As we know, the economy hasn’t really improved and in spite of colorful attempts to convince us otherwise, it has probably gotten worse.

It has gotten imperative that our elected official begin demanding concessions, true concession, and not minimal feel-good agreements, from public unions. One huge area of cost continues to be health insurance for public workers and officials, which we taxpayers pay the bulk of.

I am told that “Clark County employees have never contributed anything to insurance premiums for Medical, Dental, Vision, Long term disability, and Life insurance for themselves or dependents.” It was just days ago the Columbian informed us, “State employee unions have reached a tentative agreement with state negotiators to ratchet up members’ contributions to their health care benefits from 12 percent to 15 percent beginning next July 1,

Still a paltry contribution from well paid union workers considering what private sector employees pay for health insurance.

By comparison, I worked for 20 years for the same employer in Clark County and earned roughly $42K the highest year I was there. When I was pushed off into early retirement in June 2009, my contribution for health insurance, medical, vision and dental for just my wife and I amounted to $481.19 a month. Or, right at 70% of the cost of the premium.

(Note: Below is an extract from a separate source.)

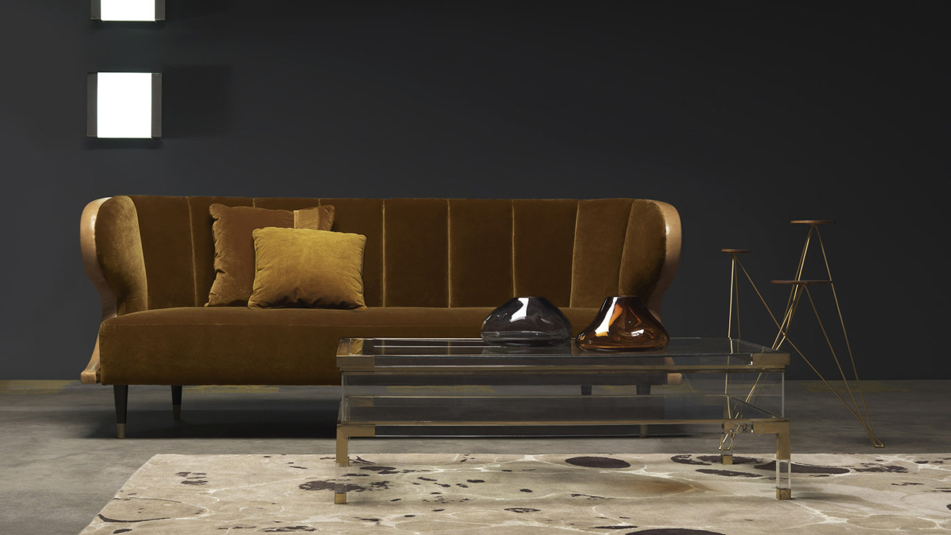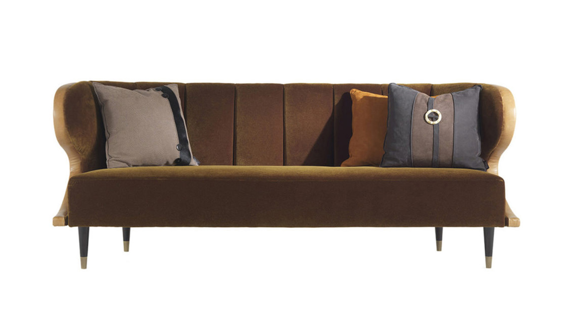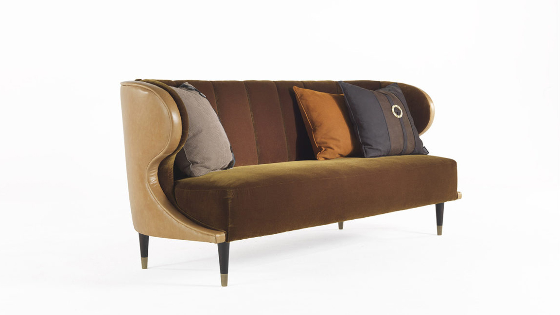 Трехместный диван, идеально подходящий для зоны чтения в спальной зоне. Структура из бука и пены. Обивка комбинированная – бархат и кожа. Ножки в латунной отделке бронзового цвета.

I know that private sector union jobs also don’t pay that much of their premium, but stop for a minute and think. The cost of that is passed on to consumers in the form of higher prices. Likewise, the entire cost of public union employee benefits are passed along to taxpayers in the form of ever increasing taxes, taxes that are breaking our backs.

The county could save millions of dollars by having county union employees pay more for their insurance just as the private sector does. If they don’t wish to make such needed concessions, they must be decertified.

We have passed the saturation point for taxpayers in our state. We cannot continue just ponying up and paying more and more for others.

Our county commissioners must see and realize that continuing to raise taxes to pay for such ‘Cadillac Services’ is no longer sustainable.

We’re broke!

6 Comments to “Raising Clark County Property Taxes at this Time is a Very Bad Idea”

  1. Rice and her article are living proof that figures don’t lie, but liars figure.

    And if my brother in law, Marc Boldt, is a Republican… then I’m ashamed to call myself one.

    Like

  2. You’ll note, I said “allegedly” a Republican majority

    Like

  3. The columbian article you had referenced Lew has been taken down & another one has been put up that does not match even close to what in your article.

    The columbian link links to a 404 – Page Not Found error

    Like

  4. Which article, Jeremy? One was from the archives and no longer available. I’ll check the rest, but what I quoted is directly from what was online at the time.

    Like

  5. Even after what just happened at the polls, and continues to happen at the grass roots level, some of these folks in local government STILL don’t get the message. What the heck is it going to take??

    Like

  6. I don’t know Tom. Sometimes I think maybe mass protests or marches, but they just continue to ignore whatever we say or do.

    We can’t seem to find candidates that portray a better ability and lose elections.

    They just don’t get how pissed off people are yet.